Stun grenades boomed around the square and plumes of smoke rose from burning garbage bins as police fired tear gas and fought running skirmishes with scores of youths who fought back with rocks and long clubs, Reuters witnesses reported.

"We want them out. Obviously these measures are not going to get us out of the crisis," Antony Vatselas, a 28-year-old mechanical engineer, crying from tear gas. "They want only us to pay for it. And they are doing nothing. I want the debt to be erased. If this doesn't happen, there is no exit for Greece."

One group hurled petrol bombs and clashed with police at buildings housing the Finance Ministry, also on the square. Reuters witnesses saw flames in front of an entrance to the main building and a similar clash a few buildings down.


The vast majority of the diverse crowd -- which included union workers, political party members, pensioners, and a wide array of Greeks upset at the new austerity measures -- only shouted at the parliament building and remained peaceful.

"Thieves, traitors!" many chanted. "Where did the money go?"

Police said seven protesters and two officers were slightly injured and they had detained 40 people. They said the crowd numbered around 30,000 but they often underestimate numbers.

About 1,500 police closed a large part of the city center and created a corridor to hold back protesters as lawmakers drove up to the building in official limousines.

The new austerity package foresees 6.5 billion euros ($9.4 billion) in tax rises and spending cuts this year, doubling measures agreed with bailout lenders that have pushed unemployment to a record 16.2 percent and extended a deep recession into its third year.

The plan includes new luxury taxes, a crackdown on tax evasion and tax rises on soft drinks, swimming pools, restaurant bills and real estate. The euro zone member's 750,000-strong public work force would be cut by a fifth.

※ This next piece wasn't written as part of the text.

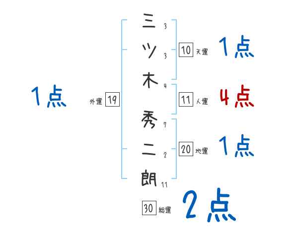 三ツ木秀二朗さんの画数の鑑定結果

With those and other measures worth total savings of 28 billion euros through 2015, it also aims to raise 50 billion euros by selling off state-owned firms.

Political analysts said the strong public outcry had raised pressure on ruling party deputies. Failure to push through the measures would put Greece in default and had the potential to shock global markets, they said.

"The government's medium-term fiscal plan will pass," said economist Gikas Hardouvelis at EFG Eurobank. "If it doesn't, the impact on global markets will be significant."


Papandreou had earlier appealed for national consensus on the laws, on which hang the EU and IMF release of a further 12 billion euros in aid next month that Athens needs to pay off maturing debt or face default.

Tuesday, euro zone finance ministers failed to reach agreement on how private holders of Greek debt should share the cost of a new bailout for Athens worth an estimated 120 billion euros before a June 23-24 summit.

The European Central Bank opposes such a move, saying that if such participation is involuntary it could be deemed default that could shock markets and put weaker euro states at risk.

The lack of agreement pushed the cost of insuring Greek debt against default to a new record high Wednesday, while shares in Greek banks fell 7 percent on fears of political uncertainty.

The PASOK deputy who defected said he could not back the package. "You have to be as cruel as a tiger to vote for these measures. I am not," George Lianis said in a letter to Parliament Speaker Filippos Petsalnikos Tuesday.

Another PASOK member said he would vote against it. But analysts said the party, which still holds a majority, would pass the package by the end of the month before working on another set of laws on how to implement it.

"It is inconceivable that politicians will lead the situation to early elections without having secured the fifth installment of the bailout," said Alpha Bank economist Michael Massourakis. "I think that at the final moment they will act with prudence and pass the mid-term plan."